Central Nervous System (CNS) injury refers to the damage of the brain and spinal cord to external factors, mainly including traumatic brain injury (TBI), spinal cord injury ().
SCI), subarachnoid hemorrhage (SAH), and hypoxic-ischemic encephalopathy (HIE), among others [1–4].

Due to the poor repair and regeneration ability of nerve cells, serious sequelae are often caused after injury, which brings a heavy burden to the patient's family and society [5].

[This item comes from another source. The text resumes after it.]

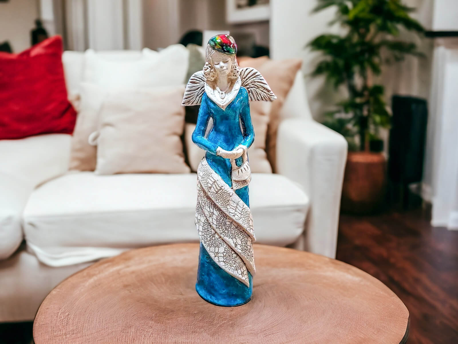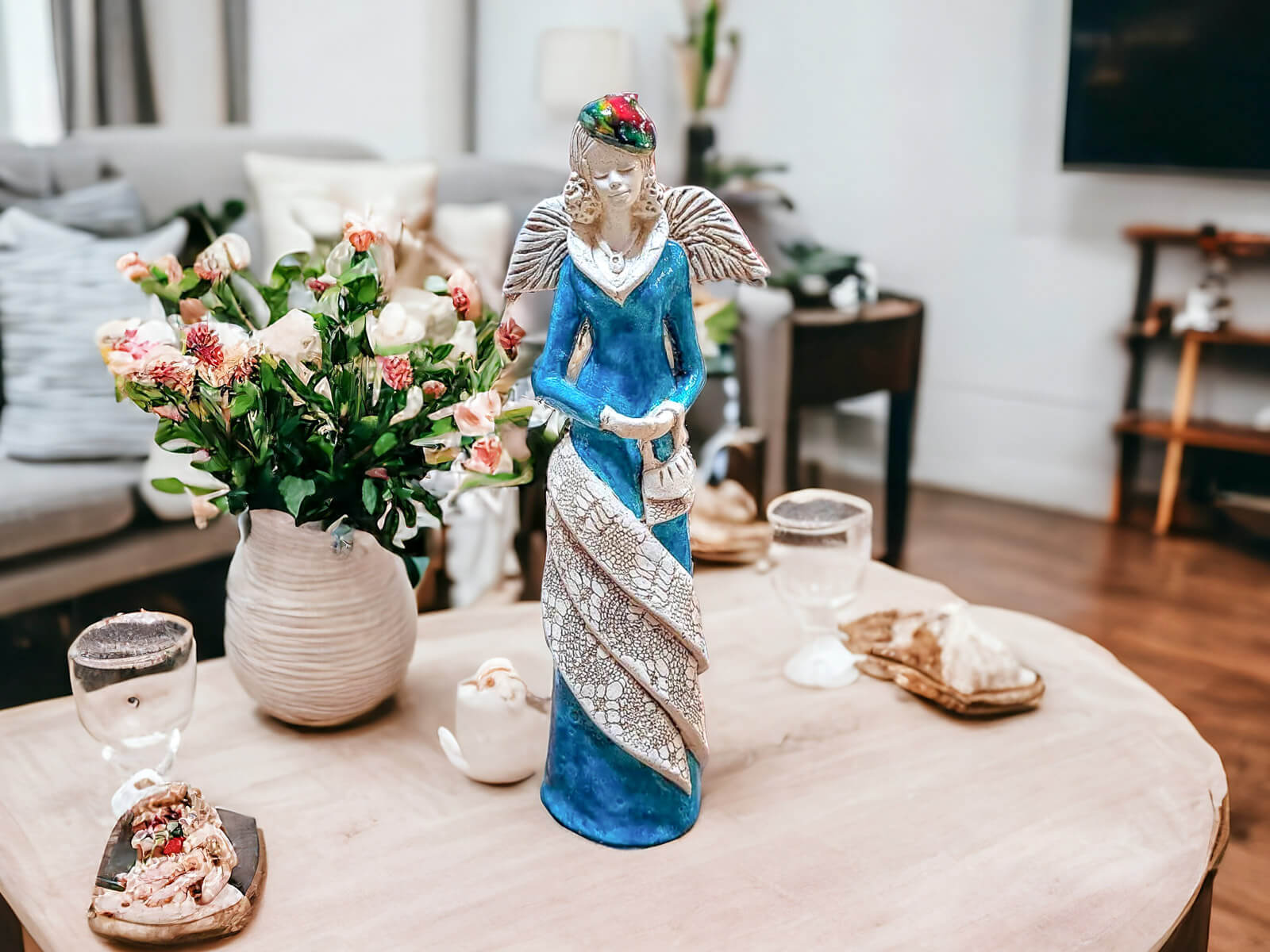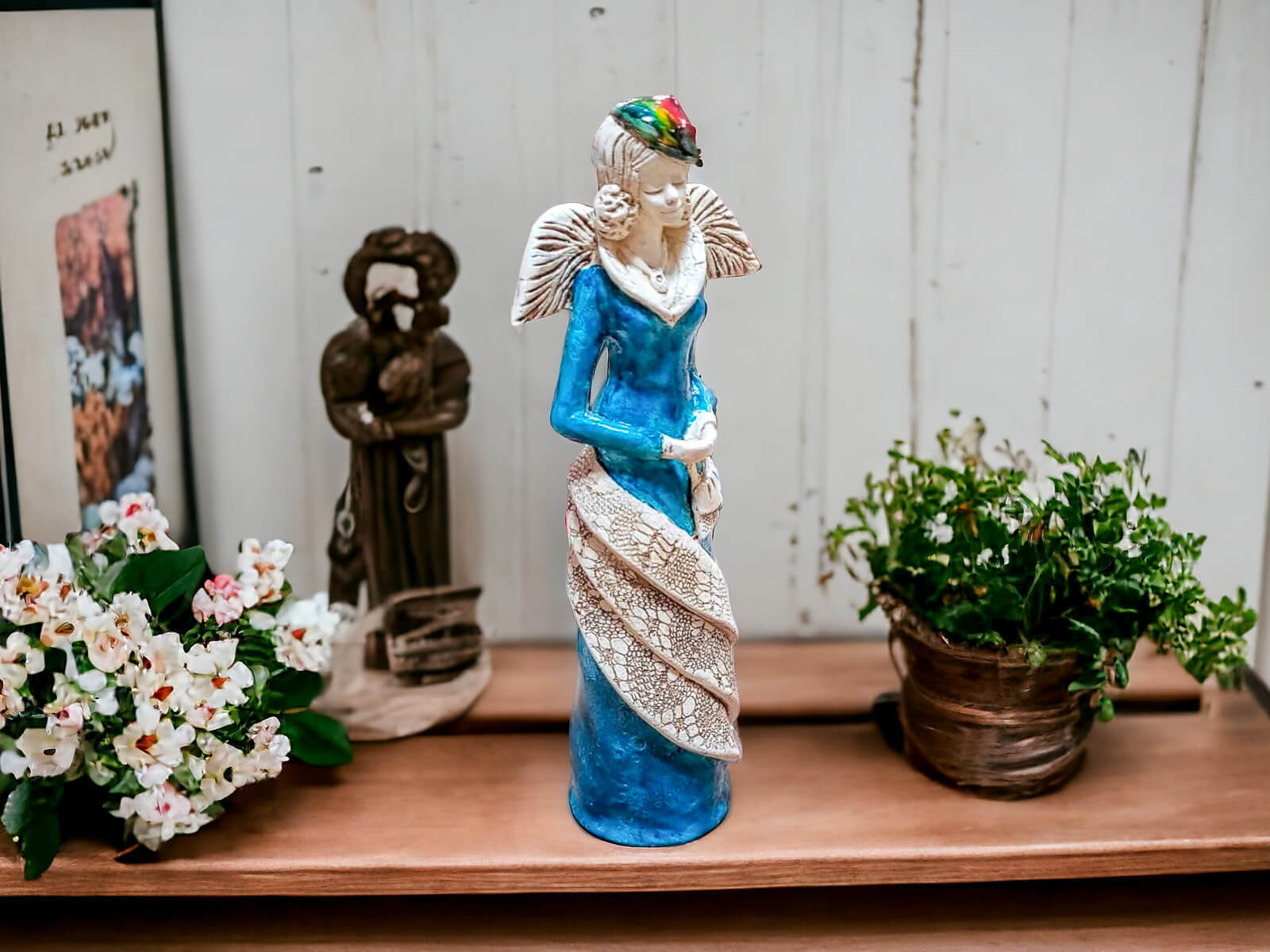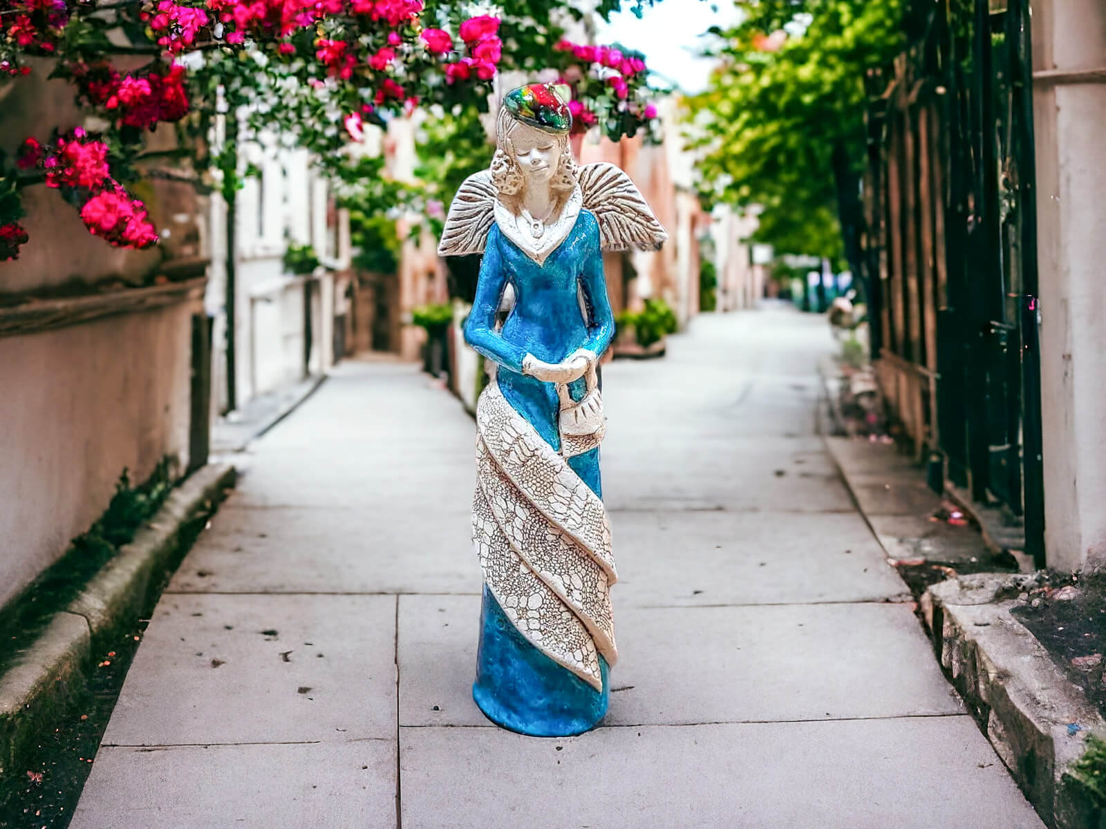 Charlotte w ciemno turkusowej sukni. Uwielbia wyjścia do teatru i do kina. Podróżuje po całym świecie i podziwia architekturę miast. Kolekcjonuje śnieżne kule z miejsc, w których już była. Pomoże uleczyć duszę. Z pewnością przypomni jak używa się skrzydeł i jak się lata. Anioł, który przyda się w każdym domu, i każdym biurze. Przywróci wiarę we własne siły, pomoże w walce o lepszy czas. Charlotte jak nikt potrafi podziękować za wszystko. Jeśli chcesz komuś podziękować podaruj mu tego Anioła.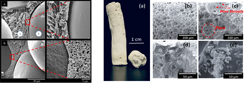 Finalement, de manière plus générale, afin de répondre au manque de possibilités de mise en forme des matériaux poreux avec une large applicabilité, nous avons développé, en collaboration avec une équipe du CEA Marcoule, une approche de préparation de matériaux hiérarchiquement poreux basée sur la stabilisation d’émulsions de Pickering au moyen de MOF (thèse F. Lorignon). D’autres moyens de mise en forme de matériaux à base de MOF sont en cours d’étude au laboratoire, comme l’impression 3D (contrat ou le dépôt sur couches minces (thèse G. Genesio, post-doctorat B. Mortada).

However, the current treatment of CNS injury has not achieved satisfactory results, so it is of great practical significance to find effective therapeutic targets and treatment options.

The innate immune response plays an important role in CNS injury by repairing damaged tissues as well as the host to fight off infection and coordinating the healing of injured tissues [6].

CNS injury usually occurs at the moment of injury, but the inflammatory microenvironment and uncontrolled cell death after secondary injury can further exacerbate the injury [7].

Therefore, controlling neuroinflammation and inhibiting cell death are essential
for the physiological function of the CNS as well as post-injury repair.

Interferon gene stimulatory factor (Stimulator of Interferon Genes, STING As a central immune molecule in many signaling pathways, it is usually in a self-inhibited state in the form of dimers, and protein configuration changes occur after stimulation by upstream signals, and then are activated, which in turn causes the activation and production of a series of downstream immune cells and inflammatory factors, thereby promoting the occurrence of inflammatory reactions in the body and producing corresponding clinical symptoms [8].

Studies have shown that the STING pathway is involved in the inflammatory response and nerve cell death after
CNS injury.
Therefore, the modulated cGAS-STING signaling pathway has become a frontier hot spot
in the research of CNS therapy and post-injury regenerative repair.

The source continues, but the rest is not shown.